§ Dataset extract
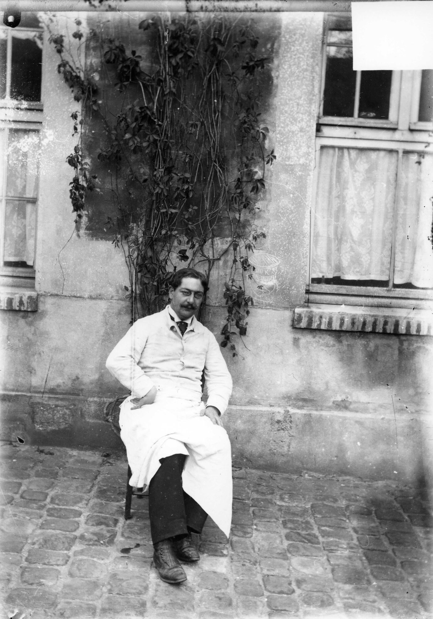 36 Fi 18, Portrait du docteur Louis de Ribier (1876-1936), assis en blouse blanche, à l'hôpital de la Pitié Salpetrière à Paris. - 13 x 18 cm.
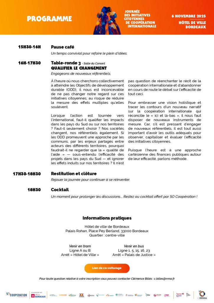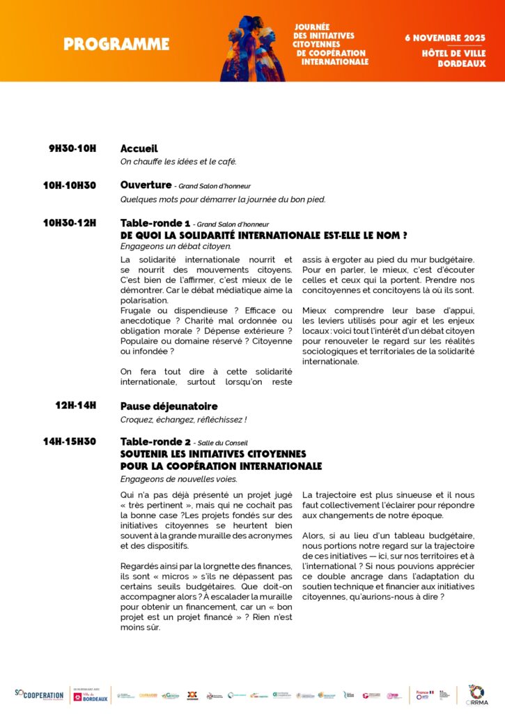 Les réseaux régionaux de la coopération internationale vous invitent à une journée dédiée aux Initiatives Citoyennes de Coopération Internationale (ICCI), le 6 novembre à l’Hôtel de ville de Bordeaux ! Cette journée sera l'occasion de mettre en lumière la richesse et la diversité des projets de coopération internationale portés par les acteurs de nos territoires.
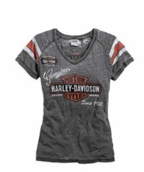 Our Genuine Oil Can Burnout Tee for women is a V-neck tee that’s the very definition of retro. Crafted from cotton polyester burnout jersey, this women’s short-sleeve top features

§ What you should do
Word for word, restate only the lines from the one bearing "Les réseaux régionaux" through the final line of the listing, inclusive, with no pictures.

§ Answer for the task
 Les réseaux régionaux de la coopération internationale vous invitent à une journée dédiée aux Initiatives Citoyennes de Coopération Internationale (ICCI), le 6 novembre à l’Hôtel de ville de Bordeaux ! Cette journée sera l'occasion de mettre en lumière la richesse et la diversité des projets de coopération internationale portés par les acteurs de nos territoires.
 Our Genuine Oil Can Burnout Tee for women is a V-neck tee that’s the very definition of retro. Crafted from cotton polyester burnout jersey, this women’s short-sleeve top features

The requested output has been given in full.